= Toques et Clochers =

Toques et Clochers is an annual two-day charitable gastronomy festival in Aude, France dedicated to the celebration of Chardonnay production in the Limoux wine appellation, sponsored by the Sieur d'Arques wine cooperative.

The festival has taken place each year since 1991 during the weekend of Palm Sunday in the area of Limoux and Saint-Hilaire. Each year a different village in the appellation is chosen to host the festival and the money raised is used to restore the church in that village. On the first day of the festival, the host village holds a celebration for the public, including wine-tasting, art exhibitions and music. On the second day, the Sieur d'Arques cooperative hosts an auction of local wines and a gala dinner. The wine auction is presided over by Michelin starred chefs who also create the gala dinner, while an award-winning sommelier selects the wines.

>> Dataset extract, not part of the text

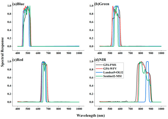 Spectral response functions of Landsat9-OLI2, Sentinel2-MSI, GF6-PMS, and GF6-WFV.

In 2008, the auction of wines raised 537,750 euros.

The event's name refers to the tall hats worn by chefs (toques) and bell towers or steeples (clochers), since the money raised from the auctions is given to churches to restore their belltowers.

In 2018, the first day of the festival, due to be held in the village of Loupia, was cancelled as a mark of respect to those killed a day earlier in an Islamist terror attack in nearby Trebes and Carcassonne.